Over the past years, arginine-rich DPRs produced in C9 ALS/FTD have been associated with many cellular deficits leading to neurodegeneration, including a failed response to DNA damage [2]. Increased HNRNPA3 levels have been associated with reduced RNA foci and toxic arginine-rich DPRs (i.e., polyPR and polyGR), which have been shown to increase the frequency of DNA double strand breaks [47, 53]. Moreover, loss of nuclear HNRNPA3 was demonstrated to increase DPR levels (i.e., polyGA), leading to accumulation of DNA damage [53]. Notably, p53 reduction was shown to rescue axonal degeneration induced by C9 DPR toxicity [41]. However, because no clear distinction was made between RNA and DPR toxicity in the abovementioned models, it is not possible to conclude on their individual contribution to overall DNA damage in C9 ALS/FTD. Here, we found that the availability of functional HNRNPK, and accordingly functional RRM2, is sufficient to prevent neurodegeneration specifically caused by C9 RNA toxicity, without the involvement of DPR toxicity. Our results strongly indicate that failure in mounting an appropriate ‘DNA damage response’ (DDR) as a response to repeat RNA toxicity is particular to ALS/FTD harboring C9orf72 repeat expansions.

Overall, our working model (Fig. 7) illustrates how changes in HNRNPK expression or activity are involved in C9 ALS/FTD. Firstly, HNRNPK is mislocalized prior to, next to, or as a consequence of sequestration by C9 repeat RNA into RNA foci, which could by itself increase DNA damage. Second, unavailable or disrupted HNRNPK leads to downstream transcriptional dysregulation of, amongst others, RRM2. Initiation of DNA damage repair mechanisms triggers RRM2’s activation and nuclear translocation, but reduced expression prevents successful DNA repair. DNA damage repair gets increasingly important during the aging process. Therefore, small changes in the maintenance mechanisms can lead to progressive motor neuron degeneration, having an impact on disease progression in C9 ALS/FTD.

Fig. 7
figure 7

Schematic model linking mechanistic insights of HNRNPK and RRM2 in C9orf72 ALS. In the left panel, event of naturally occurring DNA damage (1) in a healthy neuron with consequential RRM2 activation and nuclear translocation (2). HNRNPK is a transcriptional regulator of RRM2 (3), essential for DNA repair in the DNA damage response (4). In the right panel, a neuron affected in C9 ALS/FTD is characterized by DPRs and RNA foci, consisting of C9orf72 repeat RNA and sequestered RNA-binding proteins, including HNRNPK (1a). Next to sequestration, HNRNPK is mislocalized to the cytoplasm (1b), resulting in a loss-of-function of HNRNPK, and directly or indirectly increasing DNA damage, which activates RRM2 (3). Loss-of-function achieves transcriptional dysregulation of downstream effectors of HNRNPK, including RRM2 (4). Activated, though depleted RRM2 results in a disrupted DNA damage response, impeding DNA repair (5). Scheme created with BioRender.com

In conclusion, using in vivo and in vitro models we identified HNRNPK as a novel modifying protein of RNA toxicity in C9orf72 ALS. We hypothesize that HNRNPK loss-of-function, either by lack of proper expression or mislocalization, contributes to pathogenicity in C9orf72 ALS. Furthermore, we demonstrated that a disrupted DNA damage response is attributable to dysfunctional HNRNPK, and that the subsequent RRM2 deficiency leads to impairments in DNA repair in the C9 RNA toxicity model.
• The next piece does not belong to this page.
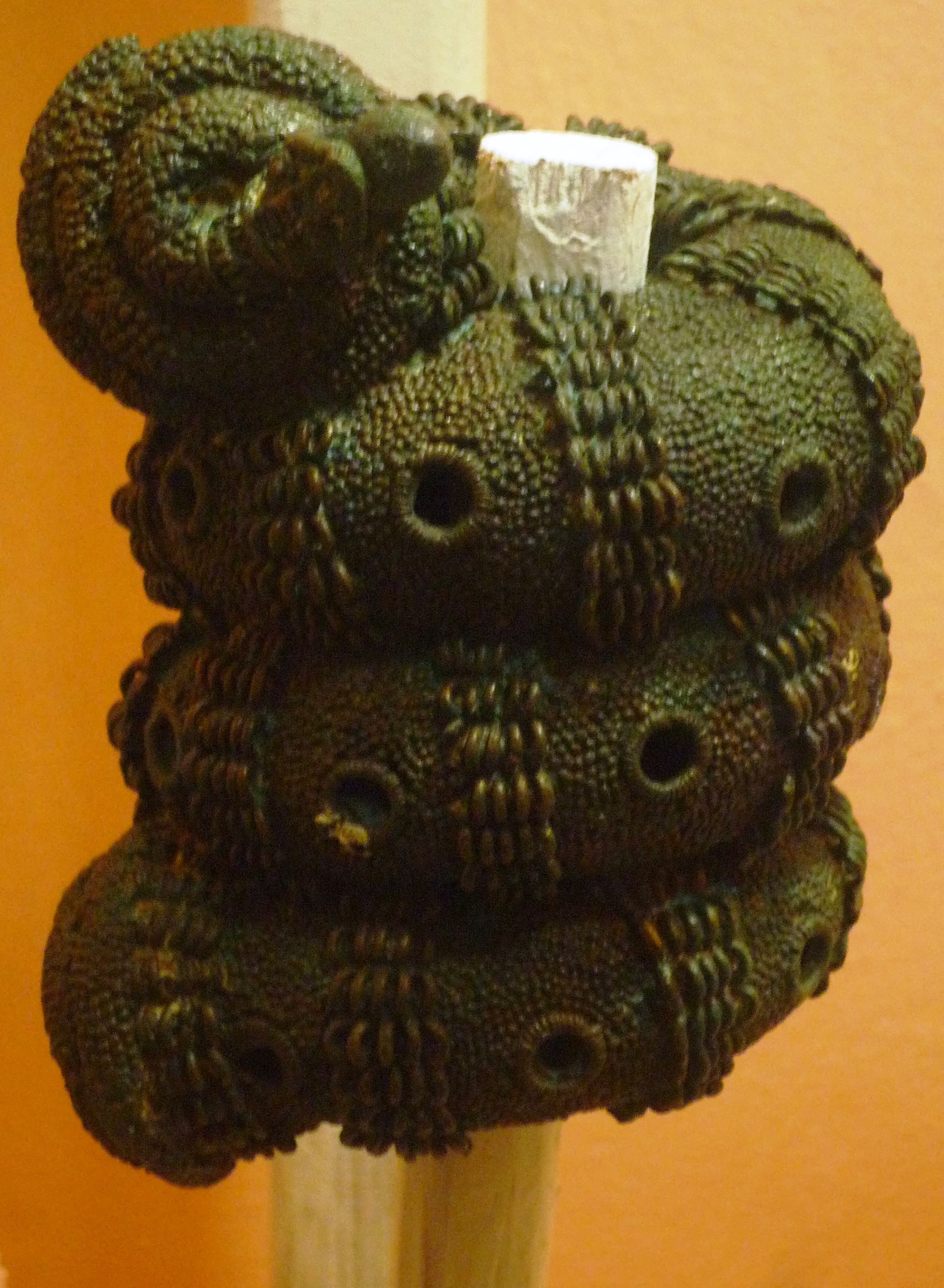 9th century bronze staff head in form of a coiled snake found in Igbo-Ukwu, Anambra State, Nigeria. Located in the National Museum Onikan, Lagos, Nigeria.

Altogether, our results highlight RNA toxicity as an undervalued mechanism that at least partially, and perhaps concomitant with DPR toxicity, contributes to neurodegeneration in C9 ALS/FTD. As related studies further illustrated that the altered DNA damage response is a recurring mechanism at play in other ALS/FTD types, such as TDP-43 ALS [28, 29], our work points to HNRNPK and, in particular, its target RRM2 as novel focuses in developing new therapeutic strategies for ALS.